Written By Courtney Newton
One of the features I wanted to have in my blog was the ability to help folks know the neighborhood they live in. For the past 15 years, I have lived and worked in a neighborhood called Red Oak Park and Sedalia Park. These two communities are paired together because they literally are intertwined. I can drive down Clearwater drive and go right into Red Oak park. My understanding of the dividing line would be Robin Lane. This is a community located mins from I-75 and historic Marietta. It is also close to Sope Creek Park. Wheeler High school is a good marker of the area.
This is a 1950s brick ranch style community built for the Lockheed-Martin workers moving to the area. I was not born in this time but having sold many original owners that have lived in there from their initial days I have learned much about the community. One of the special stories I have been told was that the old Atlanta brick prison was much of the brick used on streets like Ithica and Pawnee to build the houses there. So much so that when someone opens up the back window of the house to put French doors they often find brick printed with Atlanta Municipal Jail.
I have been to this story by seeing the brick (used in a brick paved path) to confirm they exist but the interesting part is the two stories that describe how the bricks were bought. The first is that the brick prison was torn down—and the bricks bought by a very frugal builder of these homes. The other is that the prison inmates made the bricks for construction of Red Oak park. Either story is interesting to the houses construction.
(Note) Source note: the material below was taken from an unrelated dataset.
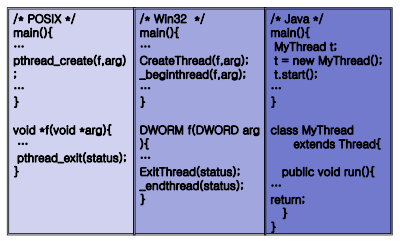 - Linux / Unix : POSIX Pthreads

Another “feature” of Red Oak Park and Sedalia Park is the existence of the 3rd bedroom pass through room that causes so many buyers to wonder why it is there. This is room typically located off of the kitchen and off of the hallway to the main living area bath. It is typically a shot gun style room that you can pass through but serves many families and by most real estate definitions as the third bedroom. Many homeowners over the years have put French door off of the room—typically by replacing windows with French doors. (See attached photo) This serves as great access point to the backyard which without does not exist except for maybe a small door off of the kitchen.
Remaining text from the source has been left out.